2. Scatterless Lock-N-Litter Jumbo

I bought this for my larger Mini Lop, i was worried the Hi Bac would be too small for her. She's a CHRONIC digger and currently digs EVERYTHING and scatters it everywhere in her hutch, creating a HUGE mess. Shame, because she was fully litter trained before she her hormones hit her. She's now been spayed but continues to dig. I hope this litter tray along with a separate hay tray will mean the end of her digging up all her kitty litter (i use Yesterday's News). 





Do you guys have litter tray's with grates?

If so did your rabbit adjust to using it well? 

Will the litter box thats tall but flat be okay?


----------



## Orchid (Sep 30, 2009)

I have just a pretty darn big litter pan...and since all buns have been under 4lbs it works well for us...

Those look like nice pans!
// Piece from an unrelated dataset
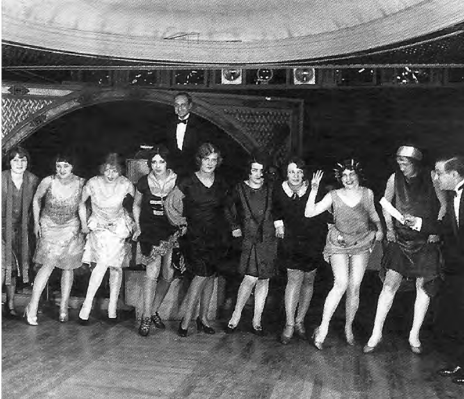
Flappers in the 1920s.

13 Study the photograph, and then answer the questions which follow.

I hope you buns love them!


----------



## l.lai (Oct 1, 2009)

*Orchid wrote: *


> I have just a pretty darn big litter pan...and since all buns have been under 4lbs it works well for us...
> 
> Those look like nice pans! I hope you buns love them!


Thanks Orchid!  I do too!


----------



## NorthernAutumn (Oct 2, 2009)

I wouldn't worry about the big square litter pan in regards to peeing. I'm only using square boxes now for my buns... their fat butts don't fit in the corner pans as well anymore 

I'm pretty sure that Racer will just pick a corner of the square pan like my guys did. They seem to like to back up against the high plastic back and pee there.

If the digging gets too bad (like it does with my doe), you can always place two square boxes front to front. Or, just get a regular cat litter box, and put a grate in there.
Very cool that they have grates!


----------